Monday, March 31, 2014

Implementing own LuceneQParserPlugin for Solr

Whenever you need to implement a query parser in Solr, you start by sub-classing the LuceneQParserPlugin:


public class MyGroundShakingQueryParser 
                           extends LuceneQParserPlugin {
    public QParser createParser(String qstr, 
                                SolrParams localParams,
                                SolrParams params,
                                SolrQueryRequest req) {}
}

In this way you will reuse the underlining functionality and parser of the LuceneQParserPlugin. The grammar of the parser is defined in QueryParser.jj file inside Lucene/Solr source code tree.

The grammar that QueryParser.jj uses is BNF. The JavaCC tool implements parsing of such grammars and producing the java code for you. The produced code is effectively a parser with built-in validation etc.

In Solr there is its own version of LuceneQParserPlugin: it is called QParserPlugin and in fact it pretty much implements almost the same functionality as its counterpart.

There could be use cases for customization of the lucene parsing grammar (stored in QueryParser.jj). Once the customization is done (let's rename the jj file to GroundShakingQueryParser.jj), we invoke the javacc tool and it produces a GroundShakingQueryParser.java and supplementary classes. In order to wire it into the Solr we need to do a few things. The final class inter-play is shown on the class diagram:

class diagram of inter-relations between classes
Going bottom up:
1. You implement your custom logic in GroundShakingQueryParser.jj that produces GroundShakingQueryParser.java. Make sure the class extends SolrQueryParserBase.
2. To wire this into Solr, we need to extend the GroundShakingQueryParser class in GroundShakingSolrQueryParser class.

/**
 * Solr's default query parser, a schema-driven superset of the classic lucene query parser.
 * It extends the query parser class with modified grammar stored in GroundShakingQueryParser.jj.
 */
public class GroundShakingSolrQueryParser extends GroundShakingQueryParser {

  public GroundShakingSolrQueryParser(QParser parser, String defaultField) {
    super(parser.getReq().getCore().getSolrConfig().luceneMatchVersion, defaultField, parser);
  }

}

3. Instance of GroundShakingSolrQueryParser is acquired in the GroundShakingLuceneQParser class.
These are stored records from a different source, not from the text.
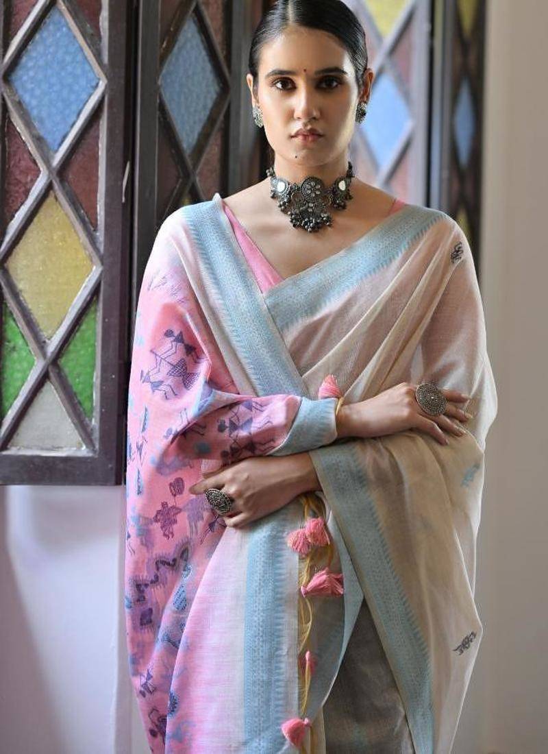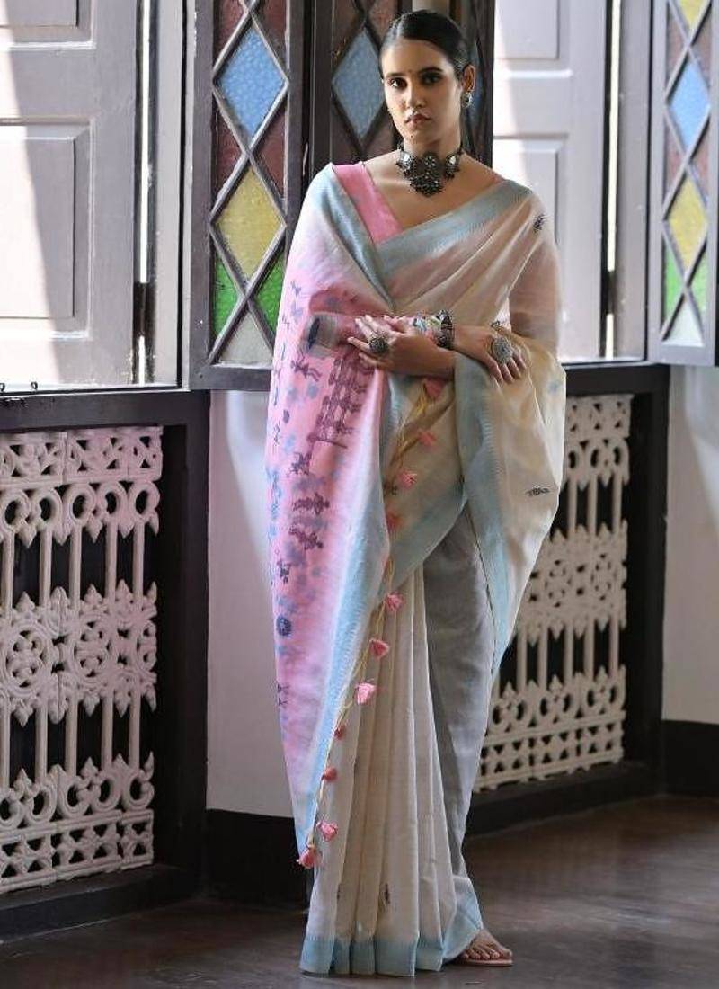 | Product Description | Premium Soft Muga Cotton Saree With Warli Type Weaving Pallu And Contrast Weaving Border With All Over Small Weaving Butties With Fancy Contrast Tassels And Contrast Blouse Piece |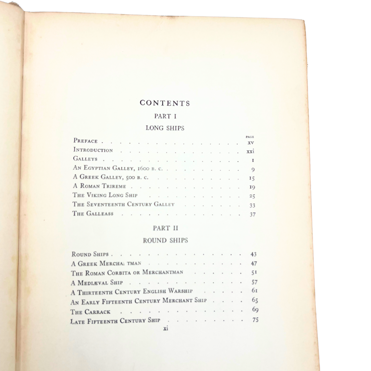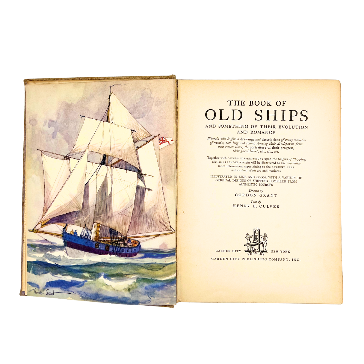 The Book of Old Ships by Henry B. Culver and Gordon Grant. Lovely antique book from 1924. Wear consistent with age - fabric cover has some discoloration and fraying but pages are intact. Approximately 11.25" x 8.5".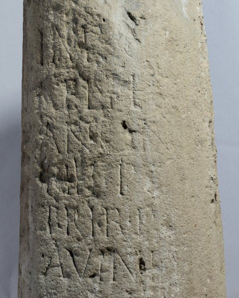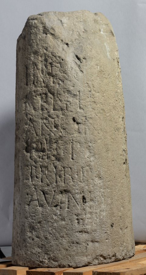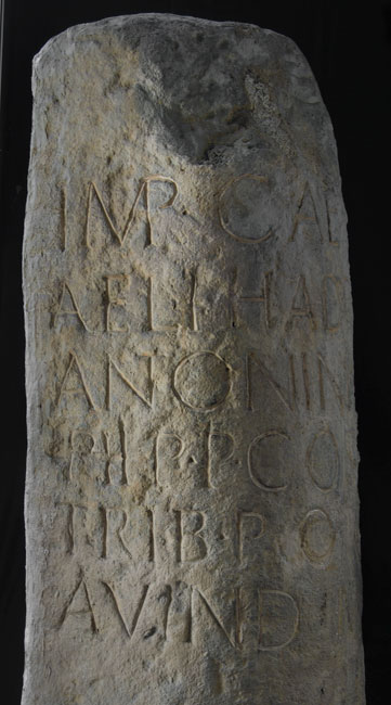 - Imp(eratoris) C[aes(aris)] Titi / Aeli H[adria]ni / Anton[ini A]ug(usti) / Pii p(atris) p(atriae) c[o(n)s(ulis)] III / trib(unicia) p[ot(estate)] VI / a Vind(obona) [m(ilia)] p(assuum) / II[[I]]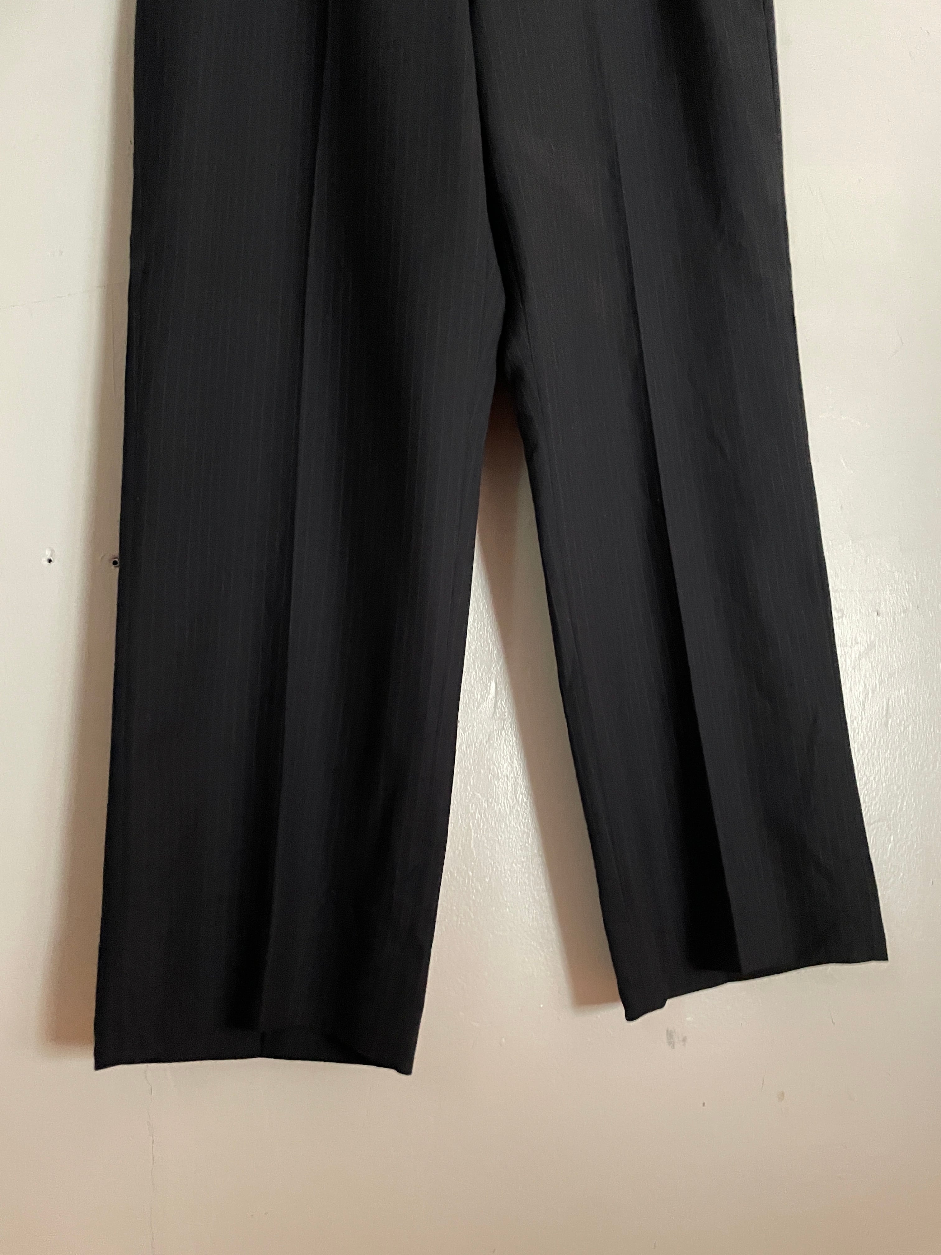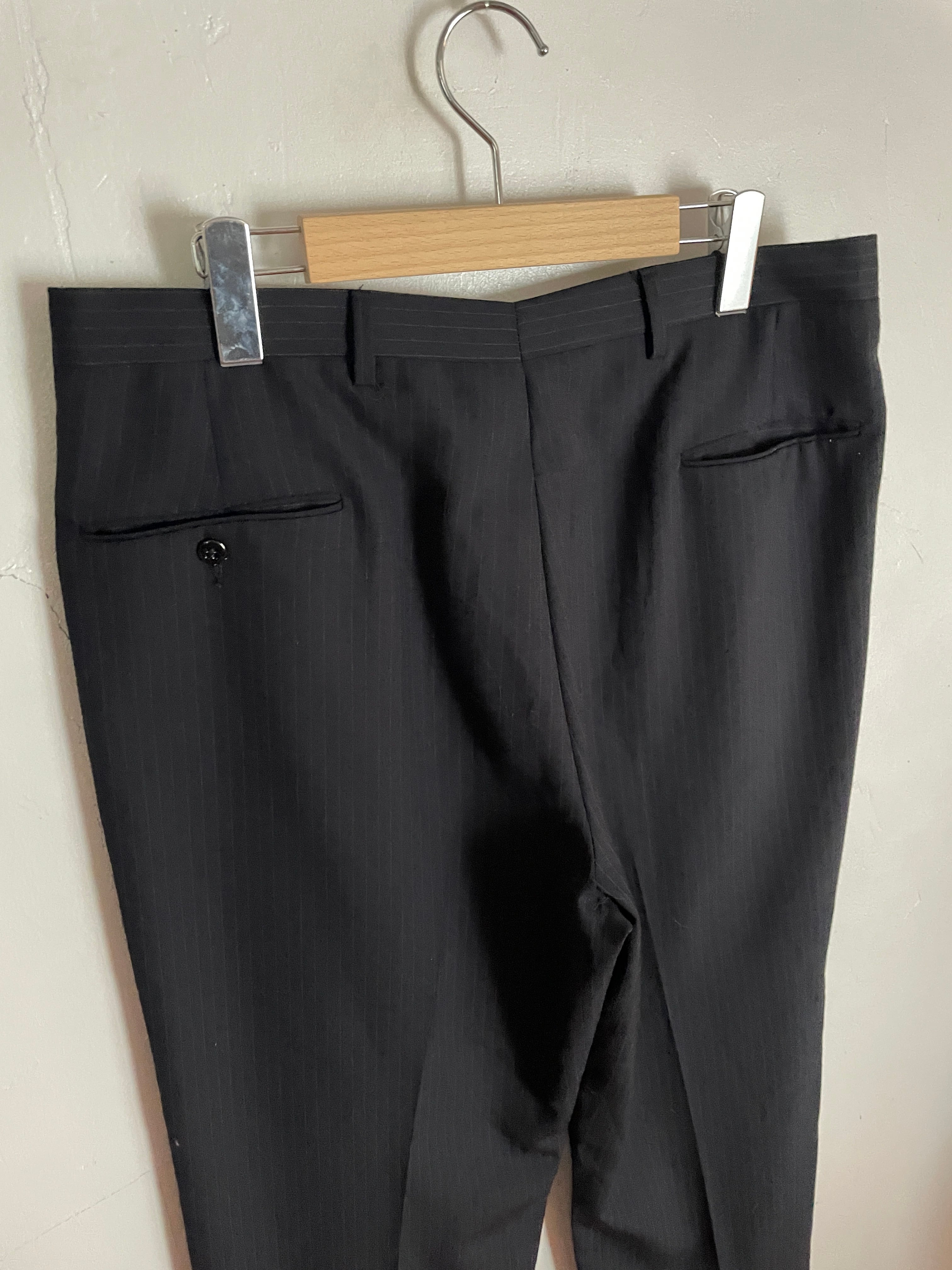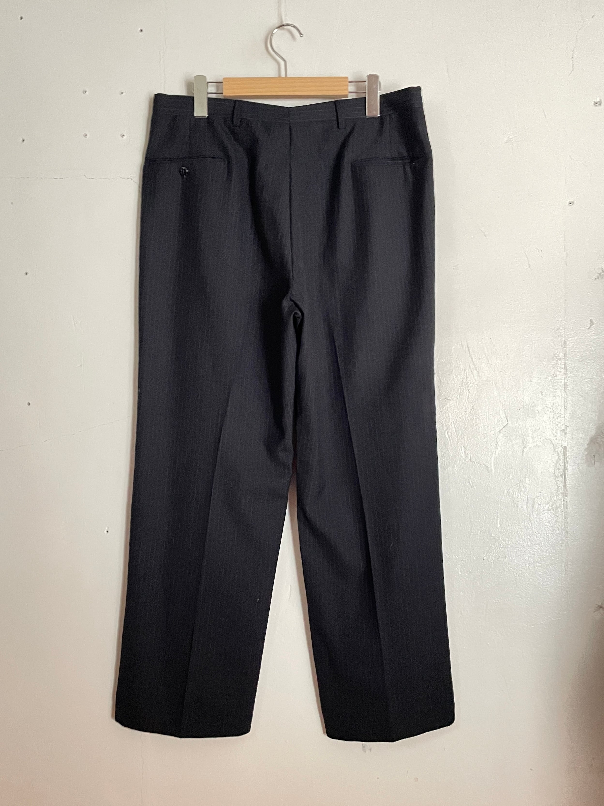ネイビーカラーに、細めのストライプデザインが施された、スラックス。ノータックでワイドストレートシルエット。癖が無く、非常に使いやすいスラックスかと思います。サラッとした肌触りの良い質感で、季節問わず活躍してくれる万能な一本です。

class GroundShakingLuceneQParser extends QParser {
    GroundShakingSolrQueryParser lparser;

    public GroundShakingLuceneQParser(String qstr, SolrParams localParams, SolrParams params, SolrQueryRequest req) {
        super(qstr, localParams, params, req);
    }


    @Override
    public Query parse() throws SyntaxError {
        String qstr = getString();
        if (qstr == null || qstr.length()==0) return null;

        String defaultField = getParam(CommonParams.DF);
        if (defaultField==null) {
            defaultField = getReq().getSchema().getDefaultSearchFieldName();
        }
        lparser = new GroundShakingSolrQueryParser(this, defaultField);

        lparser.setDefaultOperator
                (GroundShakingQueryParsing.getQueryParserDefaultOperator(getReq().getSchema(),
                        getParam(QueryParsing.OP)));

            return lparser.parse(qstr);
    }


    @Override
    public String[] getDefaultHighlightFields() {
        return lparser == null ? new String[]{} : new String[]{lparser.getDefaultField()};
    }

}


4. GroundShakingLuceneQParser is wired into GroundShakingQParserPlugin that extends the aforementioned QParserPlugin.


public class GroundShakingQParserPlugin extends QParserPlugin {
  public static String NAME = "lucene";

  @Override
  public void init(NamedList args) {
  }

  @Override
  public QParser createParser(String qstr, SolrParams localParams, SolrParams params, SolrQueryRequest req) {
    return new GroundShakingLuceneQParser(qstr, localParams, params, req);
  }
}


5.  Now we have our custom GroundShakingLuceneQParser which can be directly extended in our MyGroundShakingQueryParser!

public class MyGroundShakingQueryParser 
                           extends GroundShakingLuceneQParserPlugin {
    public QParser createParser(String qstr, 
                                SolrParams localParams,
                                SolrParams params,
                                SolrQueryRequest req) {}
}

To register the MyGroundShakingQueryParser in solr, you need to add the following line into solrconfig.xml:

<queryparser class="com.groundshaking.MyGroundShakingQueryParser" name="groundshakingqparser"/ >


To use it, just specify the name in the defType=groundshakingqparser as a query parameter to Solr.


By the way, one convenience of this implementation is that we can deploy the above classes in a jar under solr core's lib directory. I.e. we do not need to overhaul solr source code and deal with deploying some "custom" solr shards.